昨日(5月25日)、AKB48が岩手県内で握手会開催中にメンバーの川栄李奈(19)、入山杏奈(18)、そして
男性スタッフがノコギリのような刃物で襲撃された。アイドル史上稀に見る衝撃的な殺人未遂事件の
ニュースを見た瞬間、私自身のナウでヤングな頃の苦い経験を思い出さずにはいられなかった。

私はミュージシャンとして駆け出しの頃、定期的に路上ライブを開催していた。元来不器用なタイプ
なのだが、社交的なスキルを身につけることができたのはそこで出会った人々との交流のおかげだ。
酔っ払いやチンピラに絡まれることは珍しくはなかったが、その都度臨機応変にうまくいなしていた。
そう、あの事件が起きるまでは…。

あれは4月の週末の出来事。その日も私の歌を聴きに彼女は電車に乗りやってきた。その年の春に
芸大に入ったばかりの18歳。将来有望な芸術家であった。いつものように私の横に座り、幸せそうに
聴き入ってくれるのがとてもありがたかった。

○○のジョン・ローン(ラスト・エンペラー主役)こと私と一色紗英似のフレッシュアイな芸大美少女。
立ち止まらずにチラ見するだけの大衆からも美男美女の理想的なカップルに思われていただろう。
ゆえに嫉妬もあったのか。

ウイスキーを瓶ごと飲みながら男は私の目の前に立ち止まった。座った目でしばらく私をにらみつけて
いたが、よくいる酔っ払いだなという感じであった。ちょっと暴れたところで周りにファンや音楽仲間も
いるしすぐに押さえつけられる。構わずに歌い続けていた一瞬の出来事だった。

突然目線を横の彼女に向け、全力で瓶を投げつけた男。瓶は彼女の右手に命中、血だらけになった。
すぐにファンや仲間と締め上げ、警察を呼び、男はしょっぴ引かれたが、彼女は右手を何針も縫うことに
なった。創作活動に支障が出た。私の油断が招いた事件だ。本当に申し訳ない気持ちでいっぱいになった。

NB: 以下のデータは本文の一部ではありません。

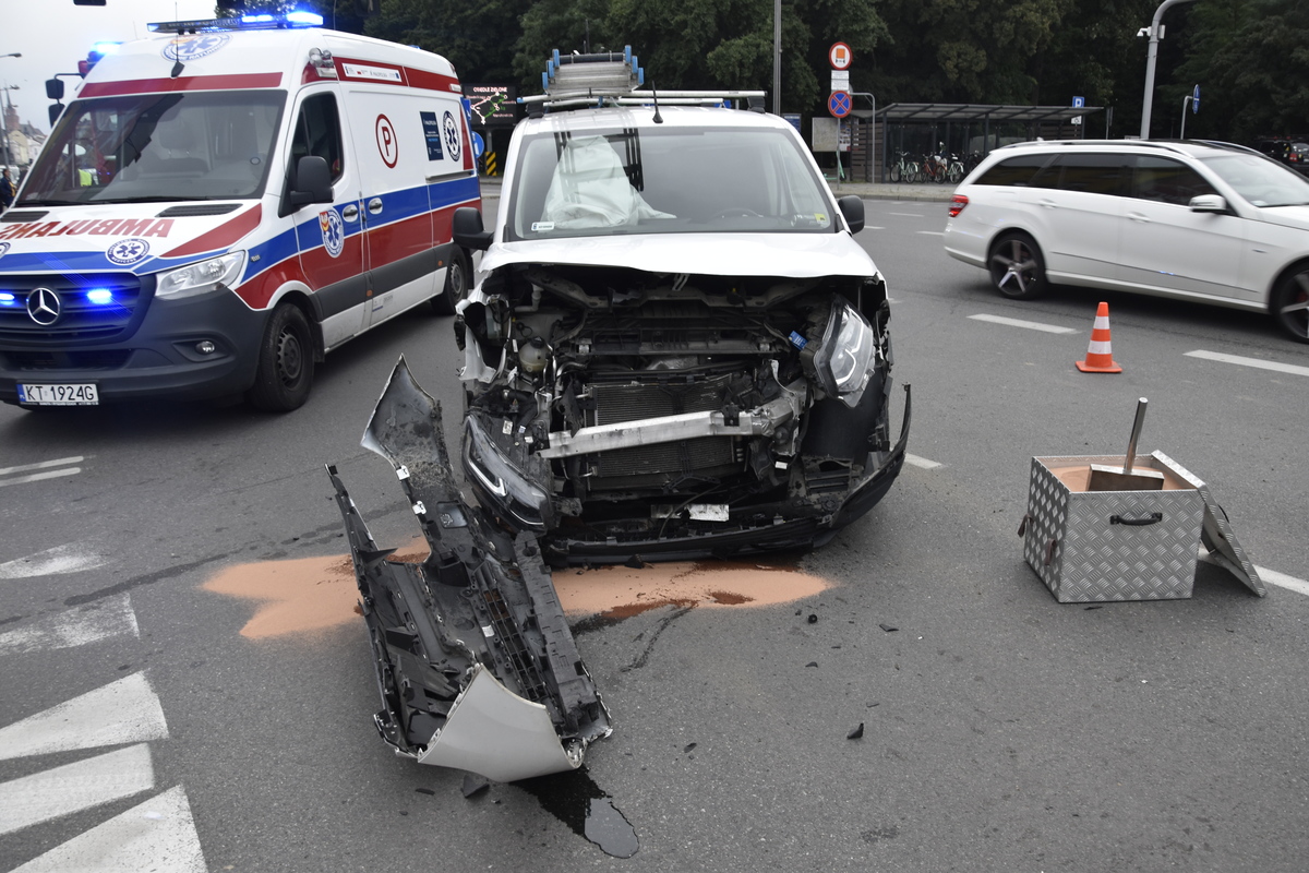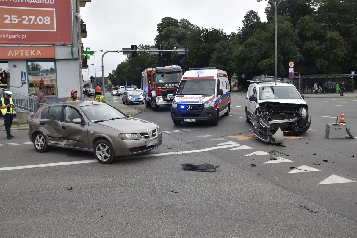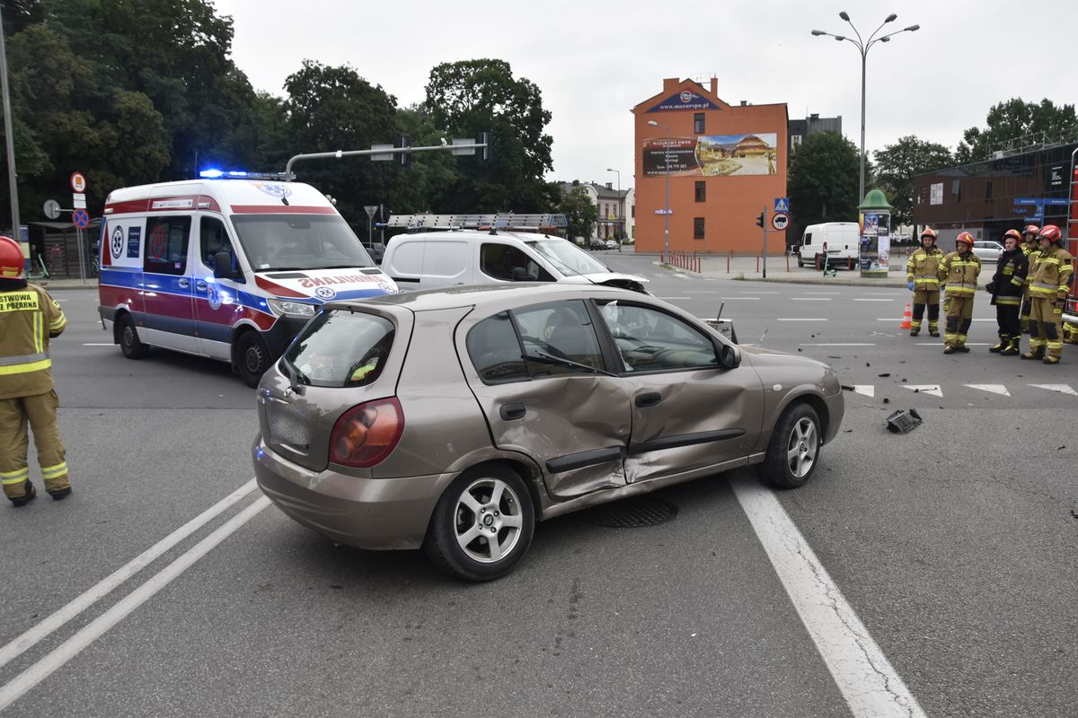 W centralnej części skrzyżowania został uderzony w bok przez jadącego ul. Krakowską na wprost kierującego pojazdem m-ki Toyota.
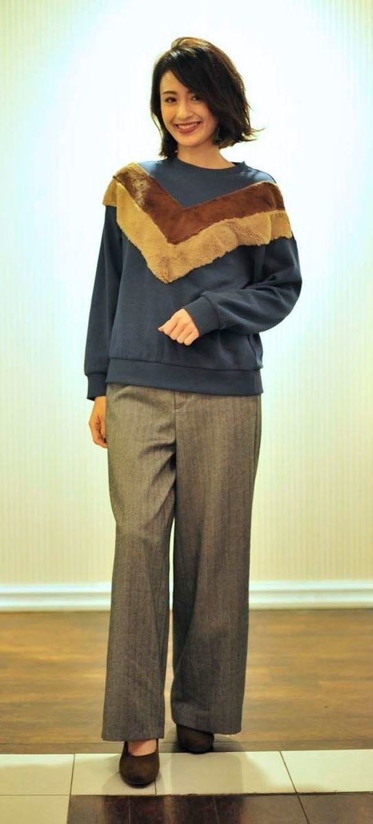 ブルーのベースにVネック状のブラウン系のカラーブロック切り替えが印象的なスウェットに、ストライプの太めパンツと言う辛口マニッシュな組み合わせ。ヒールパンプスを合わせて、今年らしくフェミニンなムードをプラスしました。(モデル/中目友理さん)
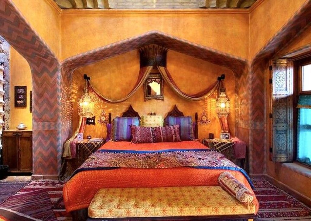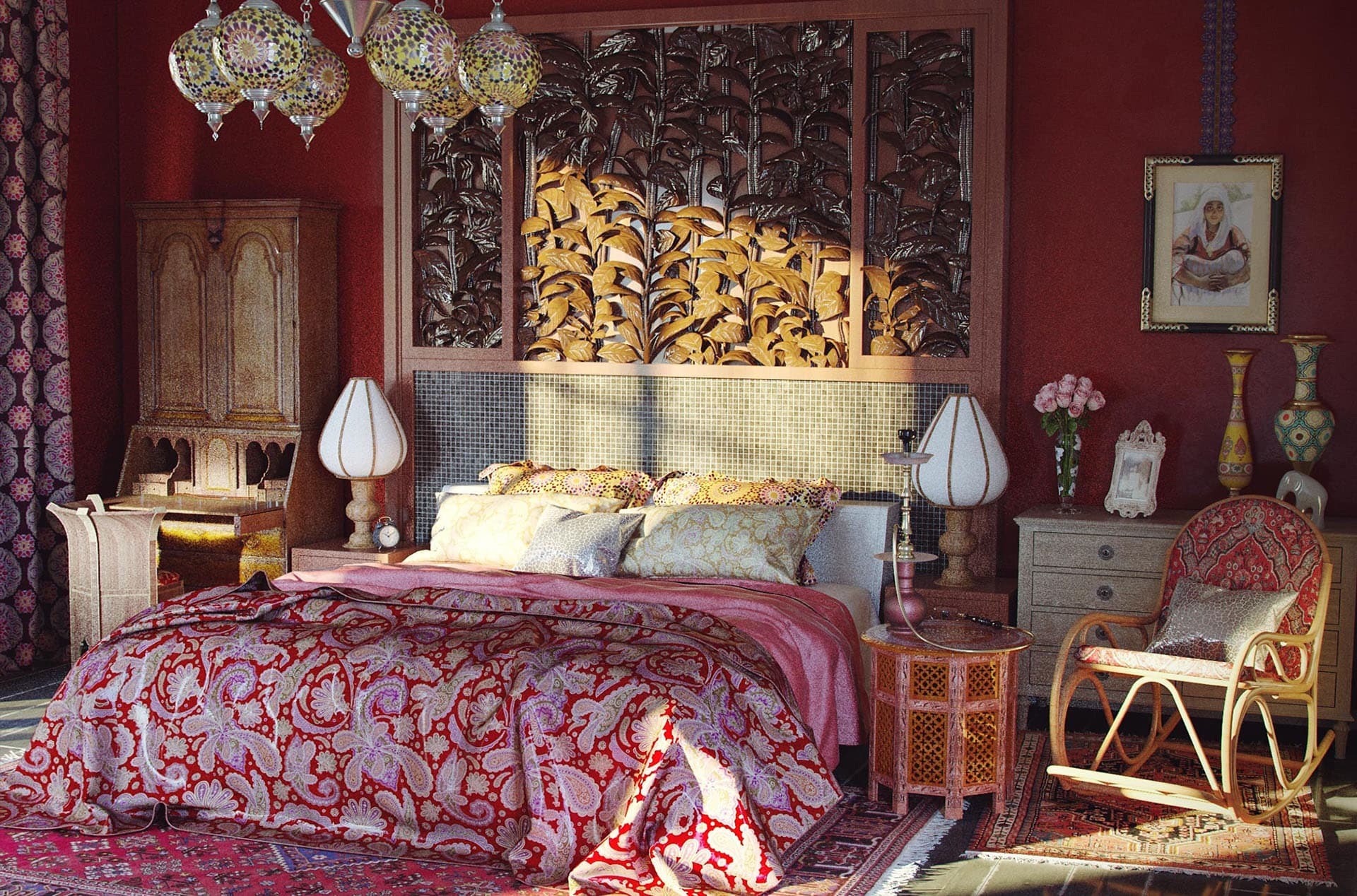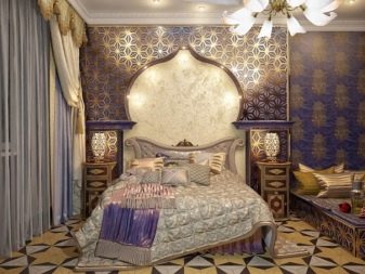 Un dormitorio de estilo oriental siempre se asocia con el lujo y la riqueza. El concepto de Oriente en el diseño es versátil. Al crear un interior de este tipo, se pueden utilizar elementos de decoración nacional de cualquier país, desde Japón hasta Marruecos. Sin embargo, hay ciertas reglas que se toman como base. Esto se aplica a elementos de interior, opciones de iluminación, combinaciones de colores generales y textiles.

「音楽で世界を救う」なんて安っぽい言葉がある。私もその言葉に酔っていたのだろう。態度の悪い観客が
いても笑顔で歌い続ければ改心してくれるだろうという甘い考えだった。すぐそばにいる一人の女の子を、
そして暴漢の邪悪な心も救えなかったのになんてバカげた言葉なのだろう。


通常は路上ライブの危険性に比べれば握手会のほうが安全だ。それでも悲惨な事件は起こってしまった。
今回のAKB48殺人未遂事件で負傷しながらもメンバーを守りきれなかった男性スタッフは悔しい思いで
いっぱいだろう。ASKAではないが、勇気だ愛だと騒ぎ立てても被災地に何度訪問しようとも現実は重い。
川栄、入山、他のAKBメンバーだけでなく、この男性スタッフに対しても十分すぎるほど心のケアをしてほしい。